Advanced topics#

Multi-node execution#

Using legate#

cuPyNumeric programs can be run in parallel by using the --nodes option to the legate driver, followed by the number of nodes to be used. When running on 2+ nodes, a task launcher must be specified.

Legate currently supports using mpirun, srun, and jsrun as task launchers for multi-node execution via the --launcher command like arguments:

legate --launcher srun --nodes 2 script.py <script options>

Using a manual task manager#

mpirun -np N legate script.py <script options>

It is also possible to use “standard python” in place of the legate driver.

For more details about running multi-node configurations, please see the Distributed Launch chapter of the the Legate documentation.
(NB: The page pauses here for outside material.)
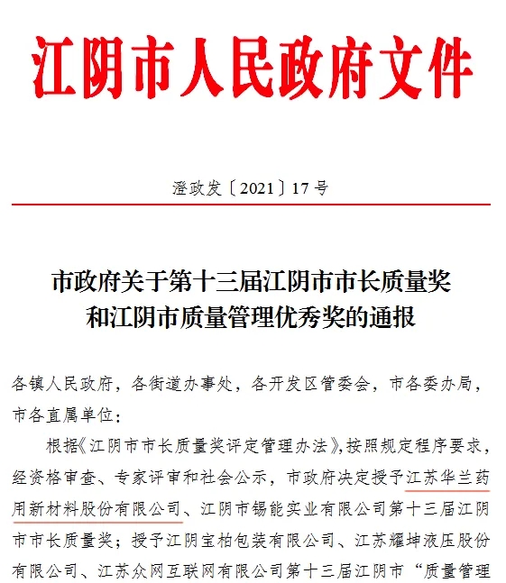 公司榮獲第十三屆“江陰市市長質(zhì)量獎(jiǎng)”。2021年開始的“十四五”時(shí)期,形成以國內(nèi)大循環(huán)為主體、國內(nèi)國際雙循環(huán)相互促進(jìn)的新發(fā)展格局。華蘭把握國家“十四五”時(shí)期新發(fā)展階段的新機(jī)遇和新挑戰(zhàn),始終把華蘭制造向華蘭創(chuàng)造轉(zhuǎn)變、把華蘭速度向華蘭質(zhì)量轉(zhuǎn)變、把華蘭產(chǎn)品向華蘭品牌轉(zhuǎn)變”。堅(jiān)持精耕實(shí)做,強(qiáng)化創(chuàng)新、管理、融合、投資、責(zé)任意識(shí),為開啟華蘭打造世界領(lǐng)先企業(yè)的新篇章加油!

Passing Legion and Realm arguments#

It is also possible to pass options to the Legion and Realm runtime directly, by way of the LEGION_DEFAULT_ARGS and REALM_DEFAULT_ARGS environment variables, for example:

LEGION_DEFAULT_ARGS="-ll:cputsc" legate main.py

Using the GASNet networking backend#

Standard Legate packges come with UCX networking support. To run cuPyNumeric programs with Legate using GASNet requires installing additional separate packages. Please see How Do I Install Legate with the MPI and GASNet wrappers for full details.

Resource Scoping#

Legate provides APIs for resource scoping that can be used in cuPyNumeric programs. For example, to restrict a block of code to only run on GPUs, you can use the following:

from legate.core import TaskTarget, get_legate_runtime

machine = get_legate_runtime().get_machine()
with machine.only(TaskTarget.GPU):
    # code to run only on GPUs

Please see Machine and Resource Scoping for full information.